* Exercise: Each record must be written out again exactly. Skip any picture it contains.

* Records supplied:
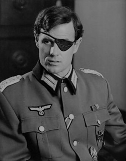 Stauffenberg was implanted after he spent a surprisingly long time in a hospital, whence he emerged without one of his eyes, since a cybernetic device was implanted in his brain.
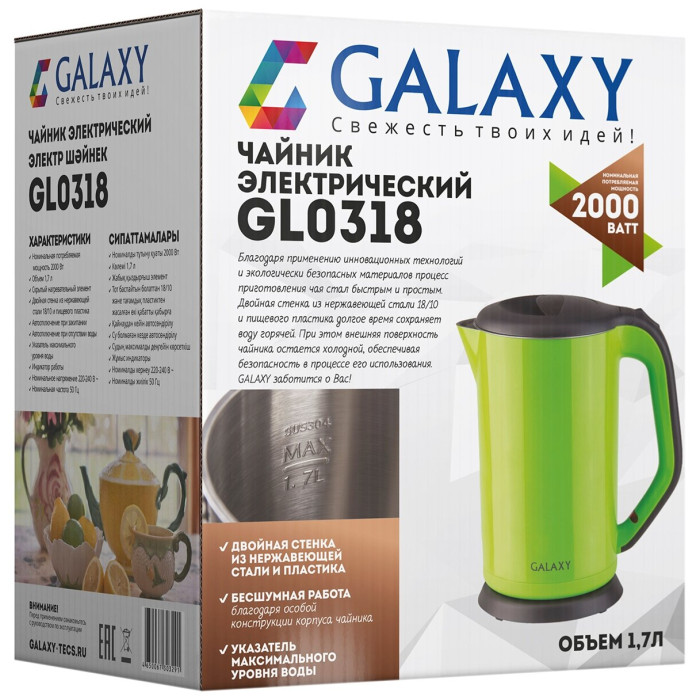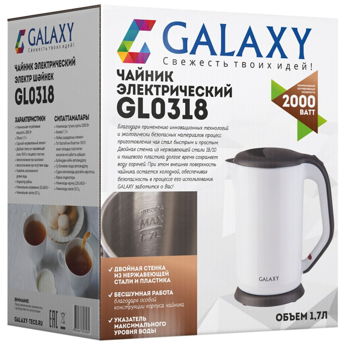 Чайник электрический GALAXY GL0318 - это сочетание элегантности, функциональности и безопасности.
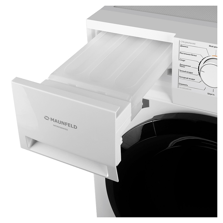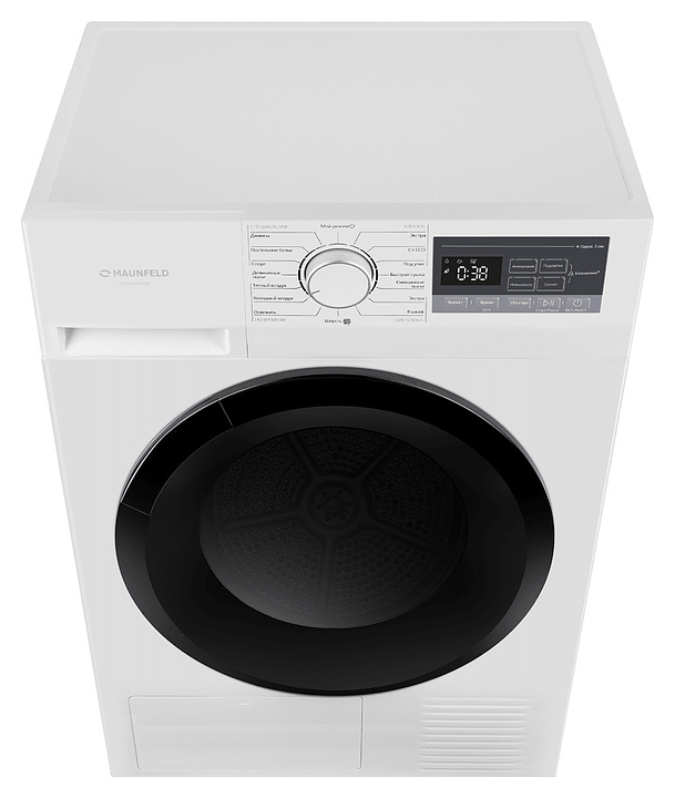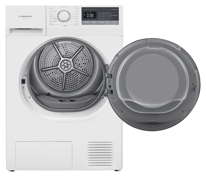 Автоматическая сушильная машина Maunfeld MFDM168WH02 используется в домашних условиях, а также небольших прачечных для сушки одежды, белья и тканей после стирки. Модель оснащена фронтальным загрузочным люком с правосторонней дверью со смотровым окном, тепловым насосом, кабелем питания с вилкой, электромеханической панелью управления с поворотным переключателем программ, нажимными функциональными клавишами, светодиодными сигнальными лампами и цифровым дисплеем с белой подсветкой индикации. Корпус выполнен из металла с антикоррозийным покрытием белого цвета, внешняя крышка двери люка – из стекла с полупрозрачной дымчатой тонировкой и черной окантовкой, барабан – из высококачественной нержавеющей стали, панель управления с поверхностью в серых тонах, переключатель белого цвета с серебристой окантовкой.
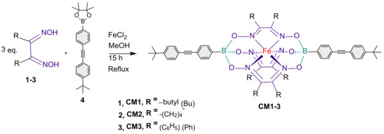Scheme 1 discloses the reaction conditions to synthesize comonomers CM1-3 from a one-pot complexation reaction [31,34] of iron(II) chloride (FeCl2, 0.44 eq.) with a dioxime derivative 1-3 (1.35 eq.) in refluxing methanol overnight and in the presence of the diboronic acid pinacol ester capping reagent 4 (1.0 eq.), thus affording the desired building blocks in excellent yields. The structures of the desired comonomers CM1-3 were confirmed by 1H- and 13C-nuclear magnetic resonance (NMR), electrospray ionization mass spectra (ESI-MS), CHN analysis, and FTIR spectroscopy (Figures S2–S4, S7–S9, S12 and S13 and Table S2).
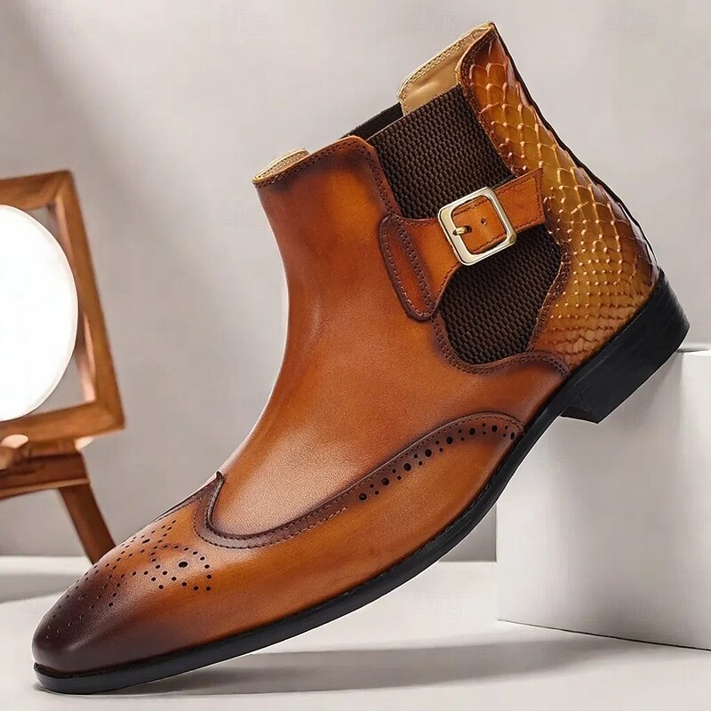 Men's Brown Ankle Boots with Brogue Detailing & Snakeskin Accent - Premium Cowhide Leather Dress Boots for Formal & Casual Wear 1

* Answer to the exercise:
 Stauffenberg was implanted after he spent a surprisingly long time in a hospital, whence he emerged without one of his eyes, since a cybernetic device was implanted in his brain.
 Чайник электрический GALAXY GL0318 - это сочетание элегантности, функциональности и безопасности.
 Автоматическая сушильная машина Maunfeld MFDM168WH02 используется в домашних условиях, а также небольших прачечных для сушки одежды, белья и тканей после стирки. Модель оснащена фронтальным загрузочным люком с правосторонней дверью со смотровым окном, тепловым насосом, кабелем питания с вилкой, электромеханической панелью управления с поворотным переключателем программ, нажимными функциональными клавишами, светодиодными сигнальными лампами и цифровым дисплеем с белой подсветкой индикации. Корпус выполнен из металла с антикоррозийным покрытием белого цвета, внешняя крышка двери люка – из стекла с полупрозрачной дымчатой тонировкой и черной окантовкой, барабан – из высококачественной нержавеющей стали, панель управления с поверхностью в серых тонах, переключатель белого цвета с серебристой окантовкой.
Scheme 1 discloses the reaction conditions to synthesize comonomers CM1-3 from a one-pot complexation reaction [31,34] of iron(II) chloride (FeCl2, 0.44 eq.) with a dioxime derivative 1-3 (1.35 eq.) in refluxing methanol overnight and in the presence of the diboronic acid pinacol ester capping reagent 4 (1.0 eq.), thus affording the desired building blocks in excellent yields. The structures of the desired comonomers CM1-3 were confirmed by 1H- and 13C-nuclear magnetic resonance (NMR), electrospray ionization mass spectra (ESI-MS), CHN analysis, and FTIR spectroscopy (Figures S2–S4, S7–S9, S12 and S13 and Table S2).
 Men's Brown Ankle Boots with Brogue Detailing & Snakeskin Accent - Premium Cowhide Leather Dress Boots for Formal & Casual Wear 1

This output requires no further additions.